The GUI is kind of weird. You get a number indicating how many enemy balls of whatever color your currently selected ammo is...and that's about it. Ammo is a bit confusing and unwieldy. Everything else just doesn't matter. The game also includes these black gate things which you can enter, and they stop time. The thing is, you can't attack while time is stopped and surveying the battlefield feels like its of limited utility.

The game boasts some 99 levels, which seems like an impossible task even if you were good at the game. There is an advanced mode that starts the player off at level 10, but that still seems like a long time. And you know, eye strain being a thing.
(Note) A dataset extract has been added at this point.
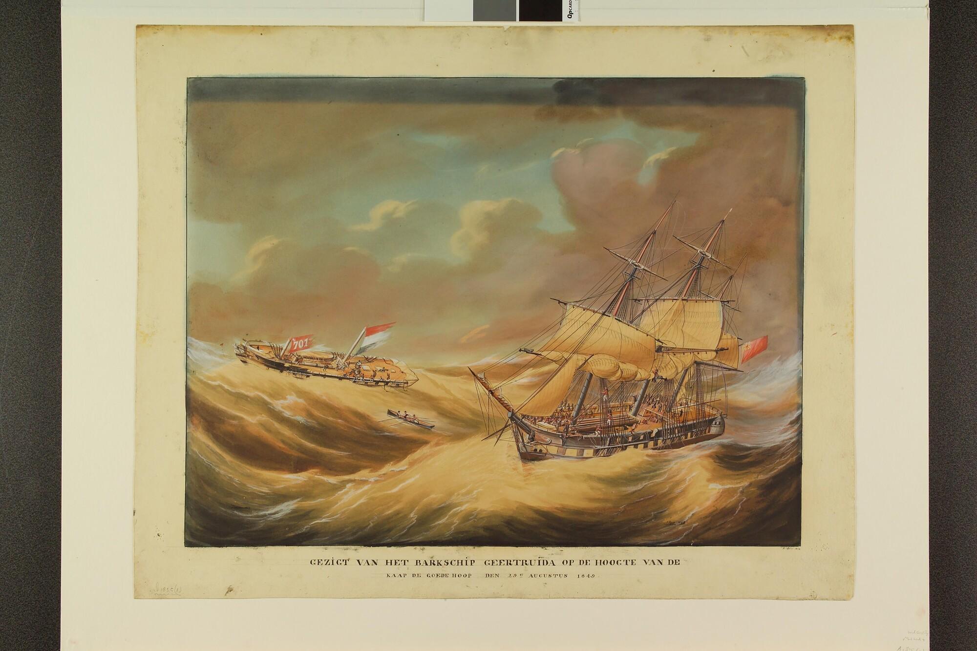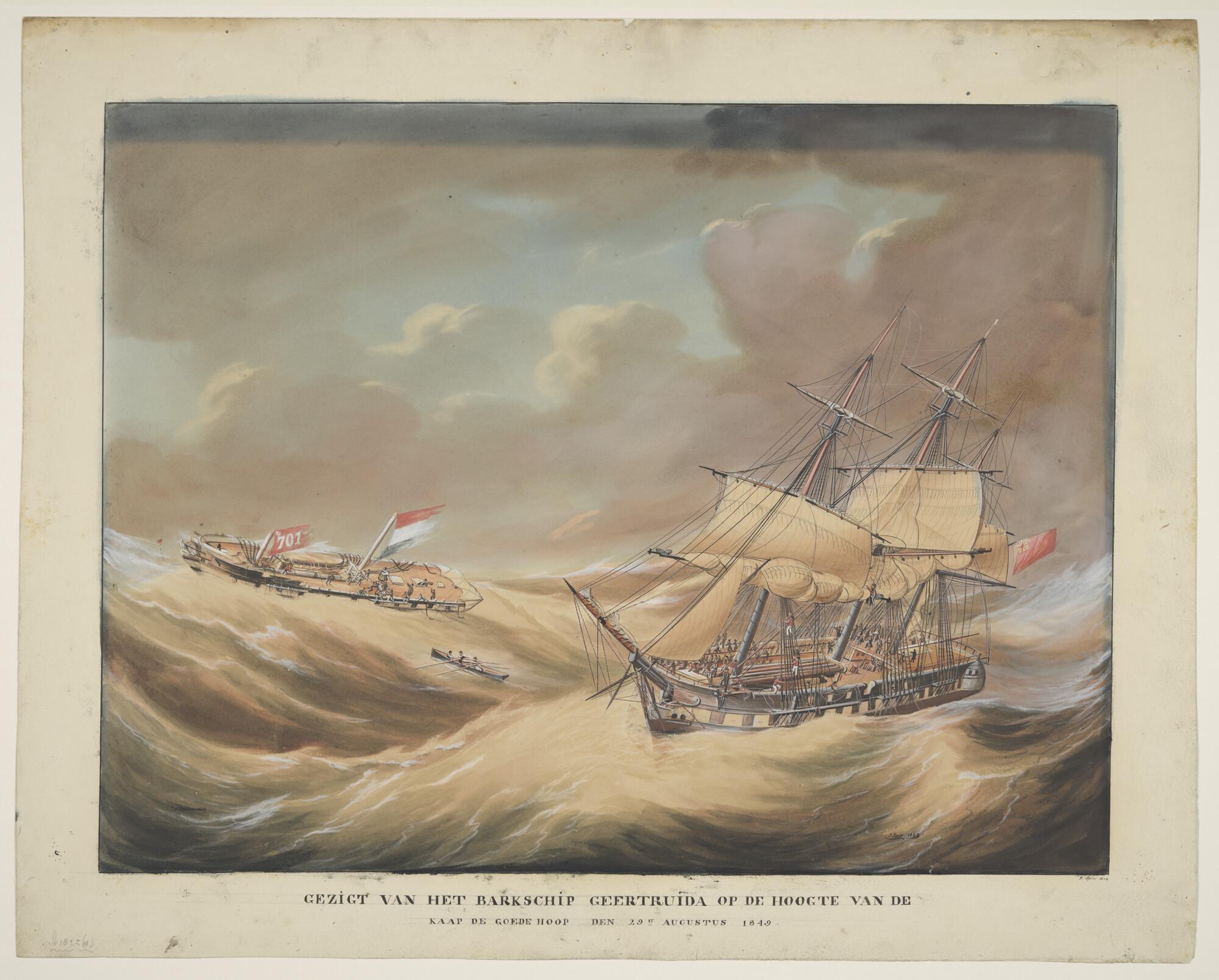 Het barkschip "Geertruida" schipbreuk lijdend; op de voorgrond een Brits schip dat hulp biedt

I took a video. No other comments, but I find it amusing that even the demo isn't perfectly accurate. That makes me wonder. I keep coming around to the same point, this is designed for one specific group of people, that is, people who find physics contests like this entertaining, won't go blind looking at this for long periods of time, and want to do it all under a time limit. I appreciate someone heading for a niche and just going for it, even if this isn't something likely to appeal outside of that niche.

Weapons:
The physics on these are interesting, but  2/10

Enemies:
How are they so hard to hit? 2/10

Non-Enemies:
None.

Levels:
A mostly featureless plain. 0/10

Player Agency:
I have some issues with it, but for the most part the controls are exceptionally smooth, and there's just something cool about the way you move. 4/10

Interactivity:
None.

Atmosphere:
Vaxine is unique, even if its in a way that doesn't always work, but it has a charm all its own. I am just not necessarily the person for whom that charm works. 4/10

Graphics:
Despite how simple it is, it looks pretty cool in motion. 3/10

Story:
The manual's story and the game's title have absolutely nothing to do with the gameplay whatsoever. 0/10

Sound/Music:
You get an interesting tune when you start up the game, but then...nothing. Its weird, there are only two sounds, one when you change weapon color, and one when the enemy balls become networks. The two least important sound options. Why bother supporting the MT-32 at all in that case? Nevertheless, I appreciate the tune. 1/10

That's 16.

I'm not sure I'd say this was amazing, but it was better than Cybercon III. Then again, you have to really mess up to be worse than Cybercon III. Both of the other titles I've played from these guys were about 10 times better than Cybercon III. And more interestingly, easier to play. These guys really needed someone to reign them in, because they could come up with interesting concepts at times.